You may see a prompt asking if you want to upgrade certain packages or configurations. That's where you need to be extra careful because it may overwrite your custom configurations. In my case, I usually get two prompts, for Redis and php.ini.
Update Redis? Y
Update php.ini? N
(keep the local version currently installed)
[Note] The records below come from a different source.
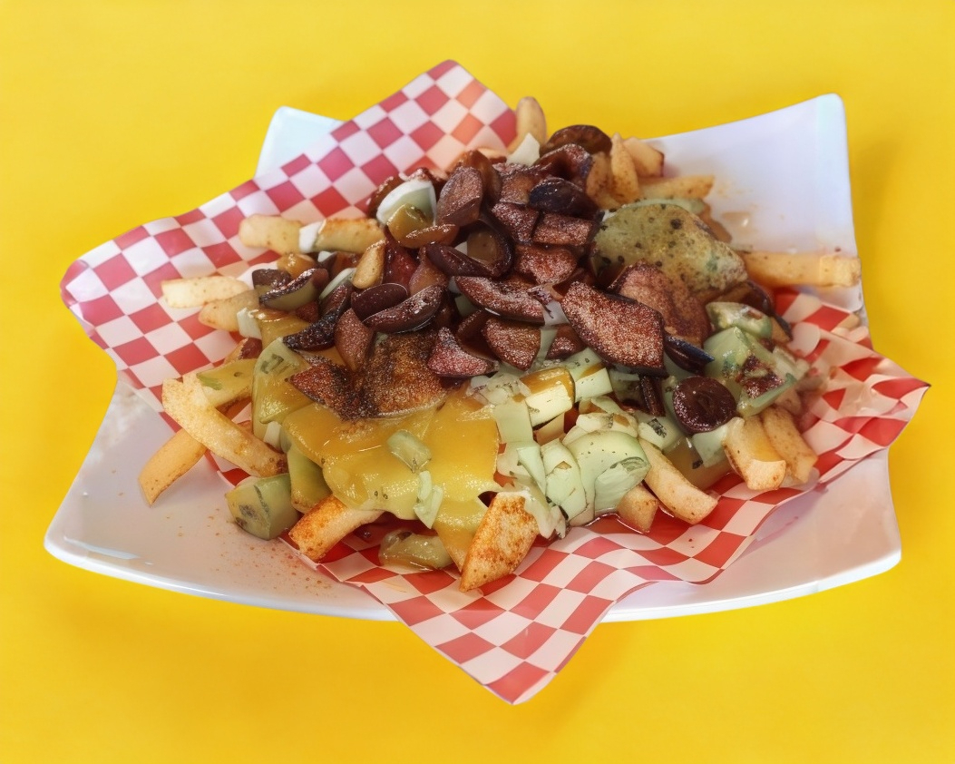 Papas a la francesa con queso amarillo, queso parmesano, nuestro famoso aderezo picante y trozos de arrachera.
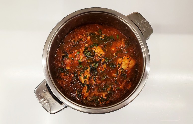 Если нужно, долить белого вина. Жидкость должна полностью покрывать курицу.
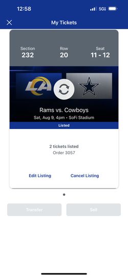 Rams Vs Cowboys Preseason Game $120Bakersfield, CA
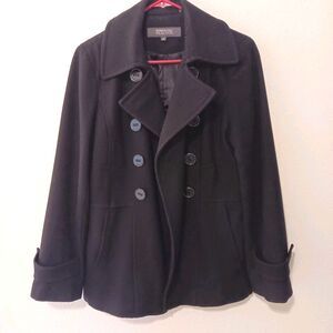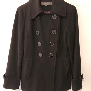 Kenneth Cole Reaction Black Wool Blend Double Breasted Peacoat Women's Sz 10
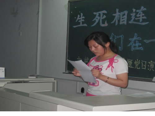 比赛中,物流071班的李洁、刘雨、刘超越、王梦萧通过ppt演示、手语、音乐等形式向全体同学展示了在汶川地震中抗震救灾的感人画面。演讲完毕,四个人已是热泪盈眶。
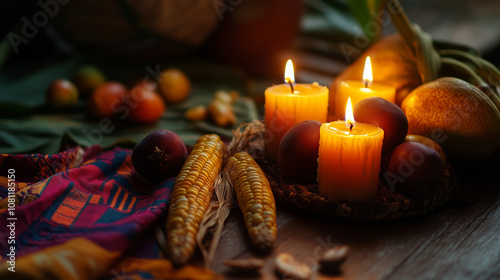 Obraz premium Lit candles with corn and fruits on a wooden table
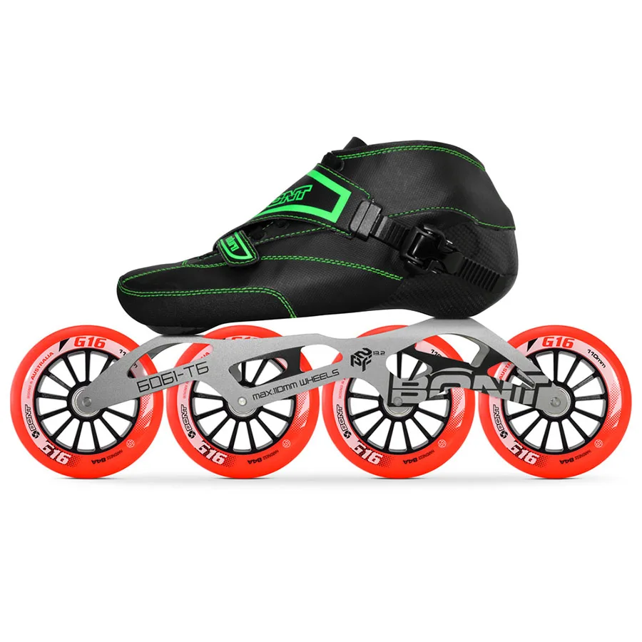 معرض ل 100% الأصلي بونت إندورو 2PT سرعة حذاء تزلج بعجلات Heatmoldable ألياف الكربون التمهيد 195 مللي متر 6061 الإطار 4*90/100 /110 مللي متر عجلات Patines
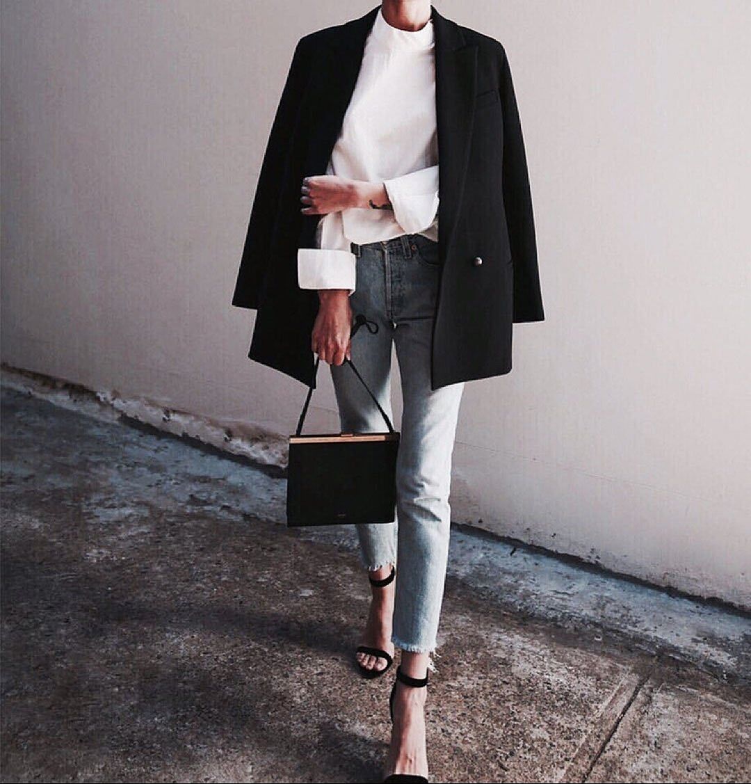 Черные и синие прямые джинсы, черные, серые, голубые свитера прямого силуета типа мужских но вашего размера и на один больше.
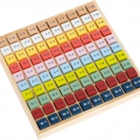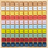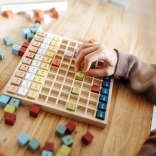 Drevená tabuľka s farebnými kockami s príkladmi násobilky
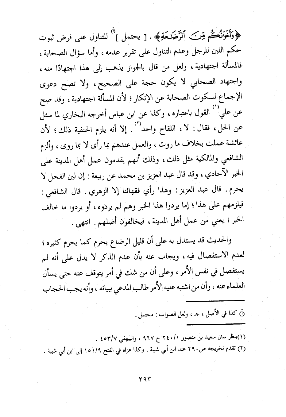 {وَأَخَوَاتُكُمْ مِنَ الرَّضَاعَةِ}. [يحتمل] (أ) للتناول على فرض ثبوت حكم اللبن للرجل وعدم التناول على تقرير عدمه، وأما سؤال الصحابة، فالمسألة اجتهادية، ولعل من قال بالجواز يذهب إلى هذا اجتهادًا منه، واجتهاد الصحابي لا يكون حجة على الصحيح، ولا تصح دعوى الإجماع لسكوت الصحابة عن الإنكار، لأن المسألة اجتهادية، وقد صح عن علي (¬1) القول باعتباره، وكذا عن ابن عباس أخرجه البخاري لما سئل عن الحل، فقال: لا، اللقاح واحد (¬2). إلا أنَّه يلزم الحنفية ذلك، لأن عائشة عملت بخلاف ما روت، والعمل عندهم بما رأى لا بما روى، وألزم الشافعي والمالكية مثل ذلك، وذلك أنهم يقدمون عمل أهل المدينة على الخبر الآحادي، وقد قال عبد العزيز بن محمد عن ربيعة: إن لبن الفحل لا يحرم. قال عبد العزيز: وهذا رأي فقهائنا إلا الزهري. قال الشافعي: فيلزمهم على هذا؛ إما يردوا هذا الخبر وهم لم يردوه، أو يردوا ما خالف الخبر، يعني من عمل أهل المدينة، فيخالفون أصلهم. انتهى.
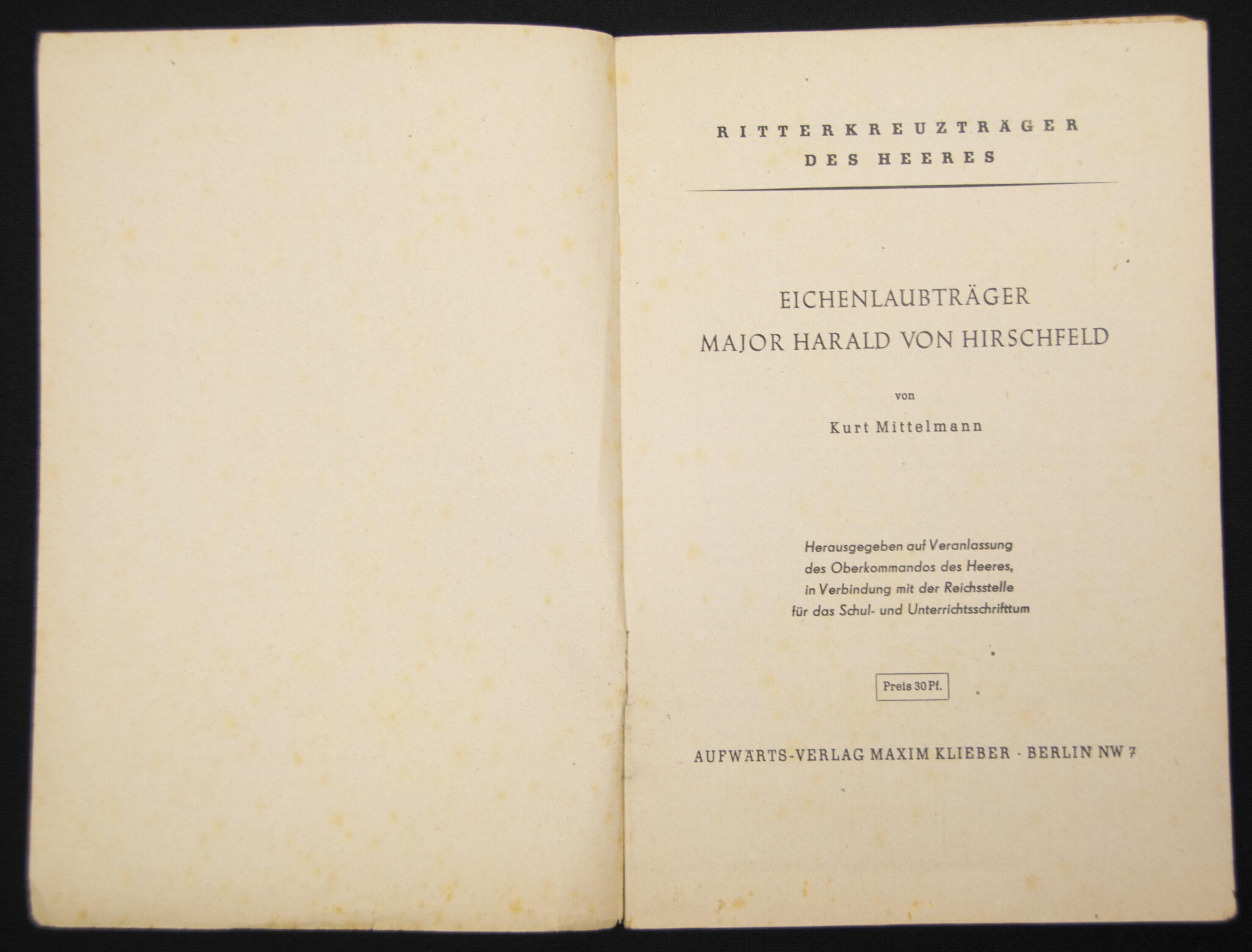 (Brochure) Die Ritterkreuzträger des Heeres – Eichenlaubträger Major Harald von Hirschfeld.

# updates available list of packages & versions
sudo apt update
# lists the installed packages
sudo apt list --installed
# lists the packages that can be upgraded
sudo apt list --upgradeable
# actually perform the package upgrades
sudo apt upgrade
# removes packages that are no longer required
sudo apt autoremove
Finally, reboot the server.
sudo reboot
Check if services are running
Once the system has rebooted, SSH back into it. You should be greeted with this shiny new message:
0 packages can be updated.
0 updates are security updates.
Now check if your vital services are running. In my case there are only 3 I care about:
systemctl status systemd-journald supervisor redis
If these are green (Active: active (running)
), you are good to go.
Restart Nginx
# Starts the Nginx service
sudo systemctl start nginx
# Stops the Nginx service
sudo systemctl stop nginx
# Stops then starts the Nginx service
sudo systemctl restart nginx
# Gracefully restarts the Nginx service
sudo systemctl reload nginx
# Shows the status of the Nginx service
sudo systemctl status nginx
This concludes my maintenance procedure for Laravel Forge provisioned servers. I will update these instructions as I see fit, but in the meantime keep on forging ahead!